Jenna Maurice, HarperCollins

"The volume I'm most thankful for? Where the Sidewalk Ends by Shel Silverstein. My mother and male parent would read me poems from it before bed — I'thousand convinced it infused me non simply with a sense of poetic cadence, but also a wry sense of sense of humor."

Victoria "Five.East." Schwab is the bestselling author of more than than a dozen books, including Barbarous, the Shades of Magic series, and This Savage Song. Her latest novel, The Invisible Life of Addie LaRue, is BuzzFeed Volume Club's December option. Read an extract from The Invisible Life of Addie LaRue.

Meg Vázquez, Square Fish

"My babyhood best friend gave me Troubling a Star by Madeleine Fifty'Engle for Hanukkah when I was 11 years former, and it's notwithstanding my favorite book of all time. I love the style it defies genre (it's a political thriller/YA romance that includes a lot of scientific research and likewise poetry??), and the way it values smartness, gutsiness, vulnerability, kindness, and a sense of hazard. The book follows xvi-yr-old Vicky Austin'southward life-altering trip to Antarctica; her trip inverse my life, too. In a yr when safe travel is about impossible, I'grand then grateful to be able to return to her story over again and again."

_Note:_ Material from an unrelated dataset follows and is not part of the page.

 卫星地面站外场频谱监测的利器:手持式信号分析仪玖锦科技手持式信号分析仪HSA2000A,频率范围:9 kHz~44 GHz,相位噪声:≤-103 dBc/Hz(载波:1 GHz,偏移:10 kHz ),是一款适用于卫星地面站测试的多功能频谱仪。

Kate Stayman-London's debut novel, One to Watch, is well-nigh a plus-size blogger who'southward been asked to star on a Bachelorette-similar reality show. Stayman-London served as lead digital writer for Hillary Rodham Clinton'southward 2016 presidential campaign and has written for notable figures, from former president Obama and Malala Yousafzai to Anna Wintour and Cher.

Katharine McGee is grateful for the Redwall serial by Brian Jacques. Chris Bailey Photography, Firebird

"I'm thankful for the Redwall books past Brian Jacques. I discovered the series in unproblematic schoolhouse, and it sparked a love of big, epic stories that has never left me. (If y'all read my books, y'all know I can't resist a wide cast of characters!) I used to read the books aloud to my younger sister, using funny voices for all the narrators. Now that I take a trivial boy of my ain, I can't wait to someday share Redwall with him."

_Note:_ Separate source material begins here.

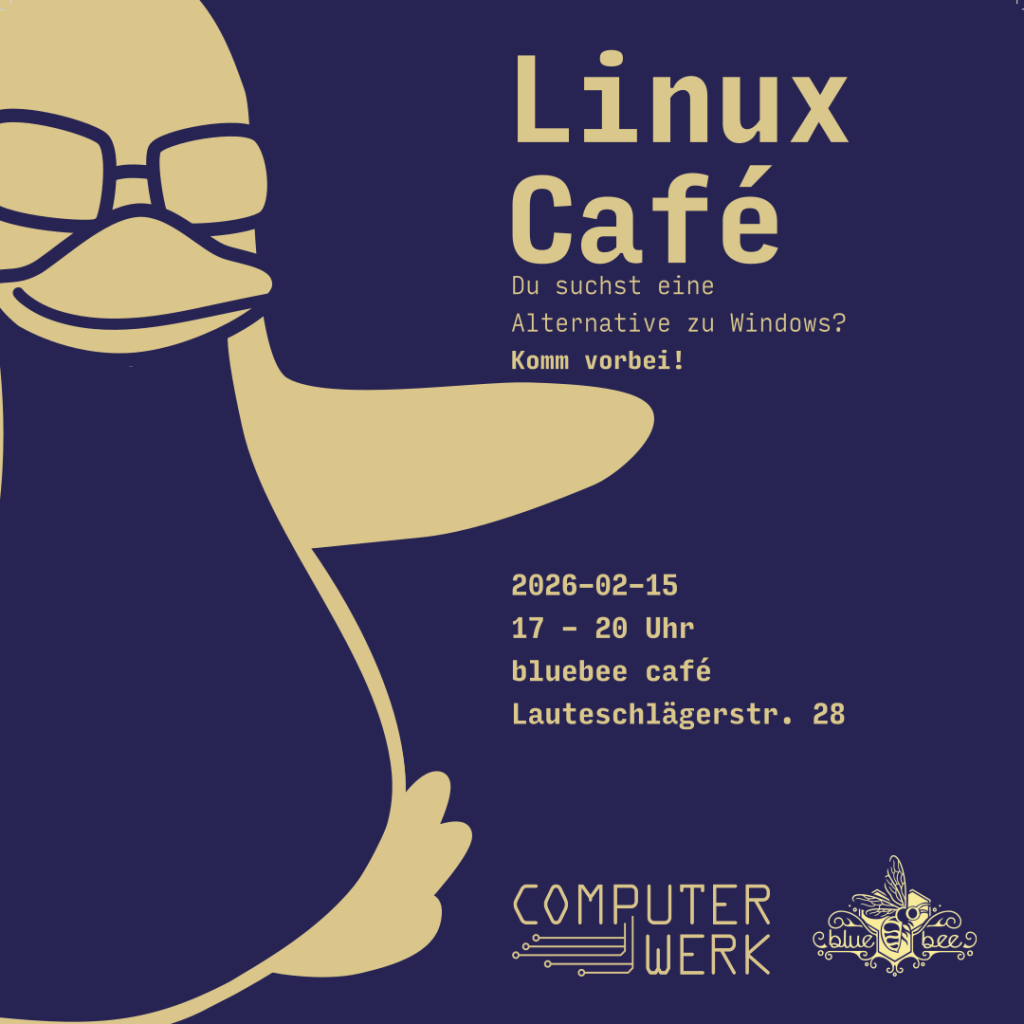 Am 15. Februar 2026 findet von 17:00 bis 20:00 Uhr das Linux Café im bluebee in der Lauteschlägerstr. 28 statt. Hier kannst du dir in gemütlicher Athmosphäre bei Kaffee und Snacks verschiedene Linux-Distributionen ansehen, Fragen stellen, über Freie Software diskutieren oder mit fachlicher Unterstützung selbst die Installation auf deinem eigenen Gerät vornehmen.

Katharine McGee is the New York Times bestselling author of American Royals and its sequel, Majesty. She is also the author of the Thousandth Flooring trilogy.

Beth Gwinn, Time-Life Books

"I am thankful most for books that bear me out of the world and back again, and while I discover it painful to choose amidst them, here's one early and one belatedly: Zen Cho'south Black H2o Sister, which comes out in 2021 only I devoured only two days ago, and the long out-of-print Wizards and Witches volume of the Time-Life Enchanted World series, which is where I starting time read virtually the legend of the Scholomance."

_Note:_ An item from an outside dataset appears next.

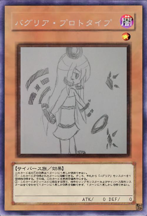 「バグリア」1体目はプロトタイプ。といっても変異した後なので完成体だったりする。リクルート役で「デジタリア・プロトタイプ」と同じく3積み枠。ついでにその「バグ」の拡散でリンクモンスターとサイバース族に影響を及ぼす。このカード1枚ですぐにLINK2~3につなげられるので出張役としても適任。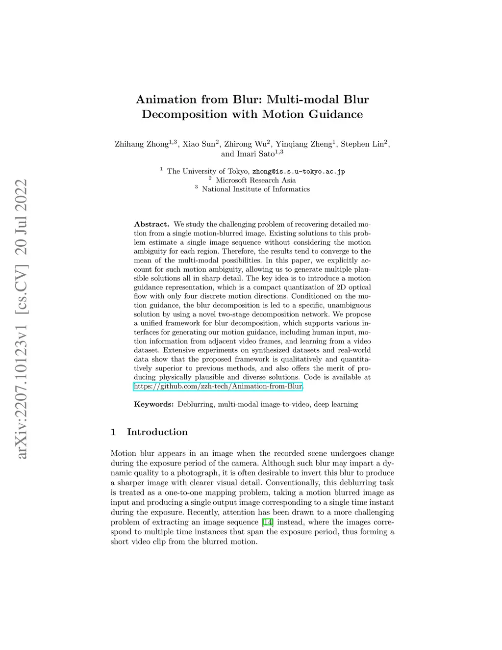 Animation from Blur: Multi-modal Blur Decomposition with Motion Guidance

Naomi Novik is the New York Times bestselling writer of the Nebula Award–winning novel Uprooted, Spinning Silver, and the ix-volume Temeraire serial. Her latest novel, A Deadly Education, is the first of the Scholomance trilogy.

Christina Lauren are grateful for the Twilight series by Stephenie Meyer. Christina Lauren, Little, Brown and Company

"We are thankful for the Twilight series for about a million reasons, non the least of which it'southward what brought the two of united states of america together. Writing fanfic in a infinite where we could exist silly and messy together taught united states of america that nosotros don't have to be perfect, but there's no impairment in trying to become better with every attempt. It also cemented for us that the best relationships are the ones in which y'all tin can be your real, authentic self, even when yous're struggling to practice things you never thought you'd be dauntless enough to attempt. Twilight brought millions of readers back into the fold and inspired hundreds of romance authors. Nosotros really do give thanks Stephenie Meyer every day for the gift of Twilight and the fandom it created."